4. Keep Careful Notes on What Happened.

Keep any notes, memos, letters, gifts, or other tangible evidence from the harasser and its best to keep those
items in a safe place that is not controlled by the employer. Keep a diary or notes of any incidents or other
information that may be relevant to one’s concerns about harassment. But be careful how and where to record
the evidences. One should be aware that their communications using company equipment are not confidential
and can be used against them.

5. Report the Conduct.

Reporting harassment may feel threatening and disruptive, but a report is important for several reasons. It gives
the employer an opportunity to correct the problem, i.e. make the harassment stop; and if the conduct does not
abate, one has proof that his/ her employer knows about the problem. Once the employer is on notice of the
harassment, it should investigate and, if warranted, take prompt remedial action to address the problem. But, if
one does not inform the employer about the harassment, it might argue that it did not know about the problem
and therefore is not responsible for the conduct of the harasser.

6. Consult the Employee Manuals or Policies.

Consult any employee manuals or policies that have been distributed or posted by the employer.
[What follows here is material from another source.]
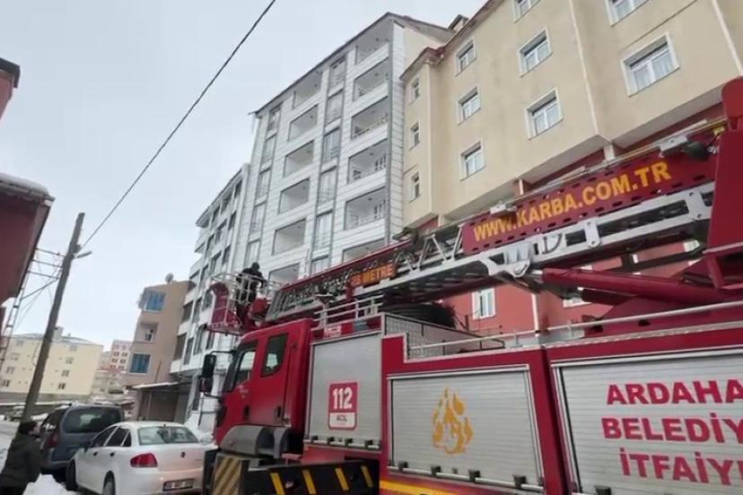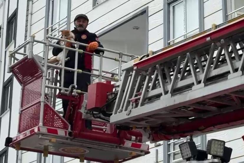 Ardahan’da bina çatısında mahsur kalan kedi itfaiye ekiplerince kurtarıldı.
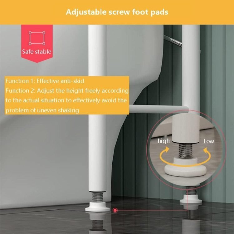 - Toilet Paper Holder and Hook: There is a Toilet Paper Roll Holder on the Side of Our Shelf. the Hooks on the Side Can Hang Towels,Toilet Brushes and Plungers to Make Your Bathroom More Tidy. Adjustable Non-Slip Foot Pads,Adjustable Screw Foot Pads,Effective Anti-Skid,The Height Can Be Adjusted at Will to Avoid Shaking

Most
established employers have specific harassment policies that spell out to whom you should go to complain. If
so, follow that policy. If the person to whom you are supposed to report is the harasser, bypass that person and
go to his or her supervisor or to Human Resources.
7. Remember:

Anything told to Human Resources may be revealed to others in the Company. Human resources personnel may
present themselves as one’s advocate or friend. But keep in mind that they work for and are loyal to the
company. Don't assume that anything one tells them is going to be kept confidential.

8. Don't Quit the Job.

Harassment is against the law. One does not have to endure a sexually hostile work environment; the employer
is legally required to make it stop. Don’t just quit to get away from the offensive environment. Quitting might
enable the employer to argue that you didn’t give it time to fix the problem; quitting could adversely affect
one’s ability to recover for lost income; and quitting might make it harder to collect unemployment benefits.
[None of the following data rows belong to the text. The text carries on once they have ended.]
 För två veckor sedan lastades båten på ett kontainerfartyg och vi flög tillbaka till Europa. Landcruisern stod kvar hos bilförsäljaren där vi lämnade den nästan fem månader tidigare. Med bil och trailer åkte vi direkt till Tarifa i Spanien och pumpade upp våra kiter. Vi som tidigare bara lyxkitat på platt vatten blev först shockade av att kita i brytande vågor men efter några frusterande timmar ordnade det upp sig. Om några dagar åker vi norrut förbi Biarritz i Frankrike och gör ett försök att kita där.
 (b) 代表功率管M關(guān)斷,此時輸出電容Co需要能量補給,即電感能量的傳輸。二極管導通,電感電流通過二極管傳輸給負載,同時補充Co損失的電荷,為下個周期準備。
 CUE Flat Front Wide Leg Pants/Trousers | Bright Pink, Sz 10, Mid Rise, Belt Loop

9. Retaliation is Illegal - and sometimes easier to Prove than the Actual Harassment.

Even if one can’t prove that unlawful harassment occurred, one might have a strong retaliation claim if he/ she
makes a reasonably good faith complaint of harassment and the employer then takes any “adverse action”
against he/ she or any action that would dissuade him/ her from filing a discrimination or harassment claim.

10. Keep Doing the Job Well.

One might have a valid harassment claim, but don’t use that as an excuse to stop doing the job well. Making a
complaint about harassment doesn’t give one a permission to stop doing the job to the best of the ability or
excuse one from the same standards they had to meet before the conduct started.

11. Get Legal Advice from Someone Who Knows About Sexual Harassment Law.

If you think you're being harassed, talk to a lawyer who's experienced in harassment cases. This is especially
important if you're considering quitting the job. Meeting with a lawyer does not mean that one is going to sue
the current or former employer. An employment lawyer can advise about what the law considers to be unlawful
harassment; counsel about how to handle the situation (i.e., making a proper complaint, trying to preserve your
job, gathering proof of the harassment, or dealing with the stress).